The values for the amino acid positional probabilities within the octapeptide were calculated (Fig. 2A) over all systems studied, including both the random selection and active machine learning selections. These probability distributions suggested that the positioning of specific residues within the hit sequences may also be important. It is worth noting that a residue at a terminal position does not necessarily indicate its presence within the head group region of the bilayer, as multiple octapeptides are required to bridge the bilayer due to their short length. Our analysis suggests that cationic residues contribute more to pore-forming ability when positioned in the latter half of the octapeptide, closer to the C-terminus. However, it must be noted that these design rules are very generic and peptides such as peptide 3, which seem like perfect candidates based on these rules, may not be active. The specific order of the amino acids is also a very important characteristic, as shown in Fig. 3, two isomers of peptide 11 were tested and found not to produce stable pores.
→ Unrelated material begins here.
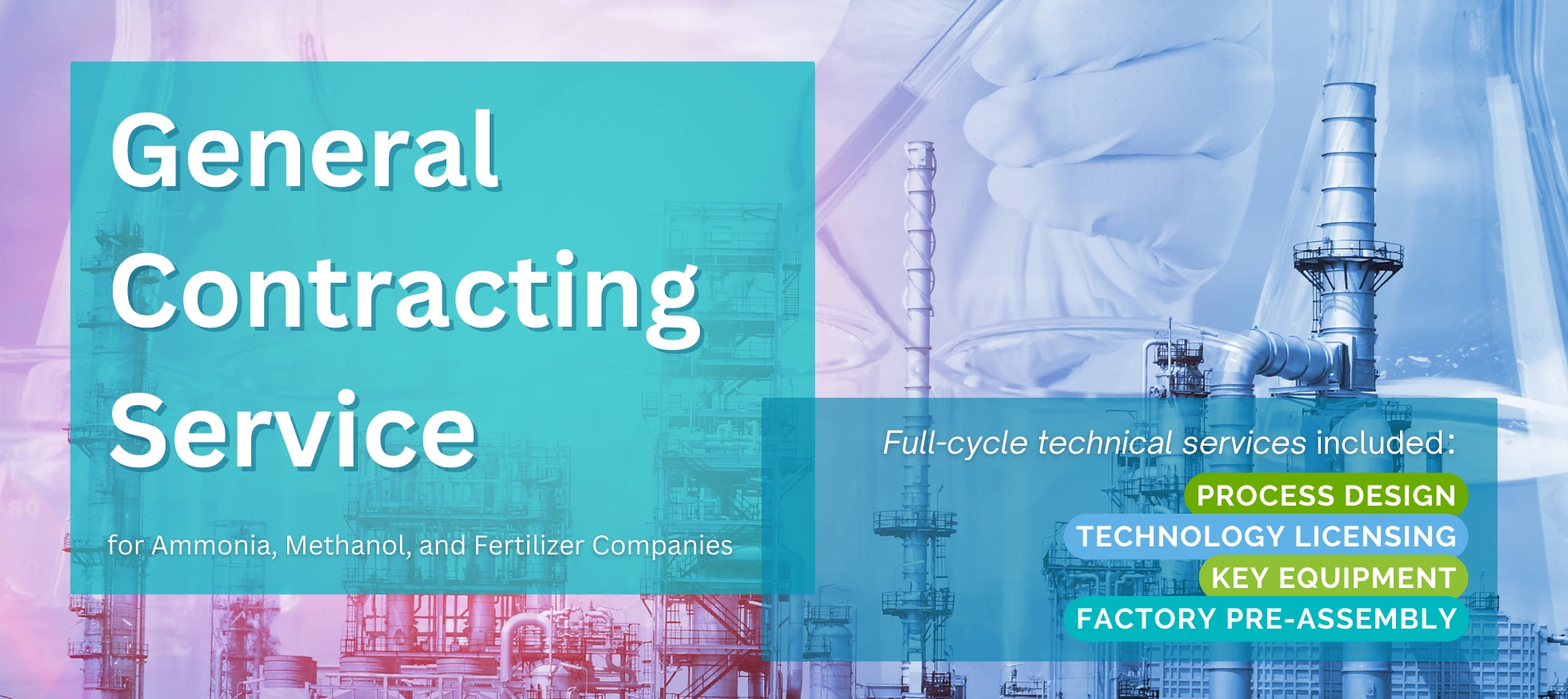 We offer engineering design, procurement, construction, and project management subcontracting of chemical engineering projects, aiming to provide owners and general contractors with a one-stop service for technology, construction, products, and operations and maintenance.

image file: d4cp01404a-f3.tif
Fig. 3 Discrete channel formation of active machine learning hit peptide 11 FFMSRIFF. (A) Discrete channel formation following addition of peptide 11 FFMSRIFF (10 μL, 50 μM, final concentration ∼0.8 μM) to the well using 1 M KCl 30 mM MOPS pH 7.4 buffer under +10 mV applied potential difference. Entries of multiple channels or enlargement of a single channel observed as indicated by instantaneous increases in current. Histograms show distribution of residual current at each level. (B) I/V sweep characterization of different channels from –10 mV to +10 mV. (C) Histogram analysis of open-channel conductance observed following the addition of peptide 11 at +10 mV in 1 M KCl, 10 mM MOPS, pH 7.4, determined from 12 individual insertions from the zero-current, unperturbed membrane, Fig. S13. This histogram has a normal distribution with a mean channel conductance of 0.43 nS. (D) Coarse grained molecular dynamics simulation visualization of 11 causing bulbous membrane-disruption. (E) Octapeptides 12 and 13 are scrambled/reversed sequences of peptide 11.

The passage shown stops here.